Segment Start: Available records
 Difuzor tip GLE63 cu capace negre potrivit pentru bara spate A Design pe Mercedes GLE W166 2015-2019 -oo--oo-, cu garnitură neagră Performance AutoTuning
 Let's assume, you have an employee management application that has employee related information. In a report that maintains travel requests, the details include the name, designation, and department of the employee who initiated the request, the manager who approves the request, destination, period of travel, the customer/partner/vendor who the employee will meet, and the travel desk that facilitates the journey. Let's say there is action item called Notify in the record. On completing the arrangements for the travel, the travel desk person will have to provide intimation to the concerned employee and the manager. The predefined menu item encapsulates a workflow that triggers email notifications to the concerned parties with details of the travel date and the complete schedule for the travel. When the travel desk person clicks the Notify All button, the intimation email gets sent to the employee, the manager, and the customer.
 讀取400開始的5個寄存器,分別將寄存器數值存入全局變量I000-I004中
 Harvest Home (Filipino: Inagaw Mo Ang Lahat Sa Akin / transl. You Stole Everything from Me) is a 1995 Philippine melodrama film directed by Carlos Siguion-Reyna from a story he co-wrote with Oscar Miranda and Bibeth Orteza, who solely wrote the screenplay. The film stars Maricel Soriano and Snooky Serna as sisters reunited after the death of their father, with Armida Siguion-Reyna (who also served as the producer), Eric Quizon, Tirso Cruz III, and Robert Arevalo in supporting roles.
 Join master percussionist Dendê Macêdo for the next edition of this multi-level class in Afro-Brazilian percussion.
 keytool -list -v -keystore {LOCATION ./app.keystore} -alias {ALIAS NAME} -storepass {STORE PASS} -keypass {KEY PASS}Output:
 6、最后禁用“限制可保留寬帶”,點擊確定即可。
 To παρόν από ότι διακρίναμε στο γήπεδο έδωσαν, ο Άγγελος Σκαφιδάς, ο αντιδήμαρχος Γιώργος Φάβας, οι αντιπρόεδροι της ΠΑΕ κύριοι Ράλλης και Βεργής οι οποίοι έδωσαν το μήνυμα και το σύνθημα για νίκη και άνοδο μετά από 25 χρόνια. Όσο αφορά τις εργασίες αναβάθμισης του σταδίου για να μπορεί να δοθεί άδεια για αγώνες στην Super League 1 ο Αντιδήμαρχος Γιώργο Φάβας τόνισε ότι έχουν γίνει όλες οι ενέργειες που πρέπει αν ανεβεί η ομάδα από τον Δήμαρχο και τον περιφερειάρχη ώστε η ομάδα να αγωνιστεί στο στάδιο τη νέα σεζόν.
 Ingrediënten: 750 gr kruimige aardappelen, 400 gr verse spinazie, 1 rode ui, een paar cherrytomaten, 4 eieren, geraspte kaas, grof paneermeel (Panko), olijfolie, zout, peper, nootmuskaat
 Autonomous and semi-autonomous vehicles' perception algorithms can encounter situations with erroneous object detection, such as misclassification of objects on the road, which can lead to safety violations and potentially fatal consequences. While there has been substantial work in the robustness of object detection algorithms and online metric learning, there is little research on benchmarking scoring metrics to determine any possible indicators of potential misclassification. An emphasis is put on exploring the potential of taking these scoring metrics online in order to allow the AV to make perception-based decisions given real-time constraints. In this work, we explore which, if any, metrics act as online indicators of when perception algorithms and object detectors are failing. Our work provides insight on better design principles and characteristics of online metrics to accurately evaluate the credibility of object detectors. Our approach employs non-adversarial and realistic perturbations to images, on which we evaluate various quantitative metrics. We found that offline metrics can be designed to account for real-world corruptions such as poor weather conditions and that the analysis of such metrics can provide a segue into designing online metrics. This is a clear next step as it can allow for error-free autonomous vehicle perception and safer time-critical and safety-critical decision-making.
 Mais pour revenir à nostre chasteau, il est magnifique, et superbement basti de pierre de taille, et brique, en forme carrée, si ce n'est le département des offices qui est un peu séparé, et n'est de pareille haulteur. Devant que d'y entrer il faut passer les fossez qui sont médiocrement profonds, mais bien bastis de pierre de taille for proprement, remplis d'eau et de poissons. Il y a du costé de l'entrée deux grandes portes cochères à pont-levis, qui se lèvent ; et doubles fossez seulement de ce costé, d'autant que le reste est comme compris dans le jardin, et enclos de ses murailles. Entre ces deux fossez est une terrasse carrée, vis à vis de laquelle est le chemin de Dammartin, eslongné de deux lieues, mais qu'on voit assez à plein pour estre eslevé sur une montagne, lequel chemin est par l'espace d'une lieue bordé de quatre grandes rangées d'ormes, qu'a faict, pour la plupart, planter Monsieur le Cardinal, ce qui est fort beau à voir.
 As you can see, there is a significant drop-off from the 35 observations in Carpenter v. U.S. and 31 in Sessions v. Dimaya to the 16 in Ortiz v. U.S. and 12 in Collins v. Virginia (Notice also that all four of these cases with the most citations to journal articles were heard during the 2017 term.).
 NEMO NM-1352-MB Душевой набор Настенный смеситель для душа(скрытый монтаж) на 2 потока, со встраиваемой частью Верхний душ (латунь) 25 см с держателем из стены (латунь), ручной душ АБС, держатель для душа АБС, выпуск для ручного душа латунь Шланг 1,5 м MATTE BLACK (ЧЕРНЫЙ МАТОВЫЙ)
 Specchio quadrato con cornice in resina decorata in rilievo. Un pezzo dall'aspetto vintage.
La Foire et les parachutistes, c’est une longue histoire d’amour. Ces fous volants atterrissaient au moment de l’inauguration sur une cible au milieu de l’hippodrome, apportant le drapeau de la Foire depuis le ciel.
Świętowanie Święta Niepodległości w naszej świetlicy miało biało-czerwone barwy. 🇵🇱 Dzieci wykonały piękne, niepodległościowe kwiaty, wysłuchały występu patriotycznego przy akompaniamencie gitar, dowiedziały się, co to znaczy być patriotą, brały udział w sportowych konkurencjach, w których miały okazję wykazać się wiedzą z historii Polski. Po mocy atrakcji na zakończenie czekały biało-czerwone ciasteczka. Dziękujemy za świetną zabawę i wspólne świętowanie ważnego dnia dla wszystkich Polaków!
Segment End: Available records
Task brief:
In the records above, find the line containing "Specchio quadrato con" and print it and every later line exactly, through the last one.

Answer below:
 Specchio quadrato con cornice in resina decorata in rilievo. Un pezzo dall'aspetto vintage.
La Foire et les parachutistes, c’est une longue histoire d’amour. Ces fous volants atterrissaient au moment de l’inauguration sur une cible au milieu de l’hippodrome, apportant le drapeau de la Foire depuis le ciel.
Świętowanie Święta Niepodległości w naszej świetlicy miało biało-czerwone barwy. 🇵🇱 Dzieci wykonały piękne, niepodległościowe kwiaty, wysłuchały występu patriotycznego przy akompaniamencie gitar, dowiedziały się, co to znaczy być patriotą, brały udział w sportowych konkurencjach, w których miały okazję wykazać się wiedzą z historii Polski. Po mocy atrakcji na zakończenie czekały biało-czerwone ciasteczka. Dziękujemy za świetną zabawę i wspólne świętowanie ważnego dnia dla wszystkich Polaków!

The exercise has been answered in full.